In Royal Flush, Price and Abney chose to represent the artist’s work in the years subsequent to 30 Americans (2008-2012). These are expressionistic and powerful amalgams of political and personal content. There are echoes of James Ensor’s macabre clots of masked characters in “Randaleeza” (2008), for instance, where Abney depicts then-Secretary of State Condoleezza Rice as a grotesque caricature. Rice is portrayed with her teeth bared, her scorched, tattooed skin optically grating against an acidic green background. Everything about “Randaleeza” is discordant, from the keyed-up chromatics to Rice’s sloppy bikini: it manages to be bleak, funny and vulgar all at once. Isolated in the left third of the piece, Rice is depicted as grimacing and vacant, strangely disconnected from the intense drama unfolding at her side. The central character of this conflagration is Randal, based on a friend that Abney used as a model. Randal’s crouching figure is caught in the throes of a pitbull attack, in what turns out to be an allusion to Michael Vick and illegal dogfighting. The Vick affair was reported in a luridly exaggerated manner that smacked of racism during the summer of 2008, dominating the news cycles more than any concurrent story. All these strata of content in “Randaleeza” comprise a perfect storm of Abney’s early obsessions: the optics of race and gender in the media, the ambivalent role and exploitation of African-American figures in the public eye, and personal narratives and symbols that weave in and out of non-hierarchical compositions at the whim of her fervid imagination.

 

Since 2008, Condoleezza Rice’s political influence has waned and her star has faded, but the painting “Randaleeza” endures as a visceral yet timeless display of disgust. The same is true for the prescient “The Party’s Over” (2008), a withering take on both the white-dominant media’s preoccupation with Bill Cosby’s trials and the moral failure of Cosby himself. This phase of Abney’s work culminates in “I Dread to Think” (2012), a multi-paneled, epic-scaled composition that looks like Picasso’s “Guernica” (1937), crossed with a WPA mural. 

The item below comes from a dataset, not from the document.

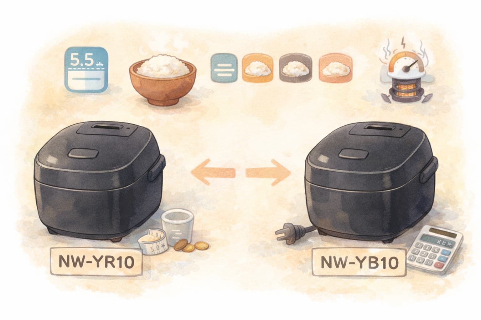 炊き上がりの味や加熱方式、炊き分け機能といった炊飯器として最も重要な基本性能については、NW-YR10とNW-YB10に大きな差はありません

With regard to Abney’s surfaces, her paintings after “I Dread to Think” avoid even the occasional drip or expanse of transparent color in favor of crisp, graphic layering. This fulcrum point in her process is perfectly illustrated in the collage, “First and Last” (2012), which combines vestiges of her original handling of pictorial space with these newly emerging strategies. 

It’s tempting to credit this shift on Abney’s participation in a workshop celebrating Romare Bearden’s collages. While Bearden’s direct use of cutout forms might have provided Abney reinforcement, many other antecedents come to mind, from Stuart Davis, William H. Johnson’s wartime “Jitterbugs,” and Kara Walker’s silhouettes. At any rate, the outcome for Abney’s production was a flatter space, built up from solid masses, patterns, stenciled words and generic shapes (like teardrops, arrows, etc.) that refer to emojis and social media static. The last five years of work in Royal Flush (2012-2017) represent Abney’s exploration and development of this denser approach to image making. The relative efficiency of her latest process allows the work to be printed, or translated into public murals with greater ease. The downside is its repetitive, formulaic nature, which makes one painting blur anonymously into another. 

Abney’s subjects remain as confrontational as ever in this later phase, with police brutality and discrimination often in the center of the action. A series of work chronicling a certain “Pool Party at Rockingham #1” (2016) evinces a refreshingly kinky side to her topics. Abney was recently quoted as saying, “For me, progress for the black artist in the black art world is when we don’t even have to be called ‘black artists.’ Why can’t we just make our work? It has to be about blackness or race…where white artists don’t have to think about those things. They can just make things.” Clearly, by simplifying her forms, Abney is searching for a more universal approach to “just making things.”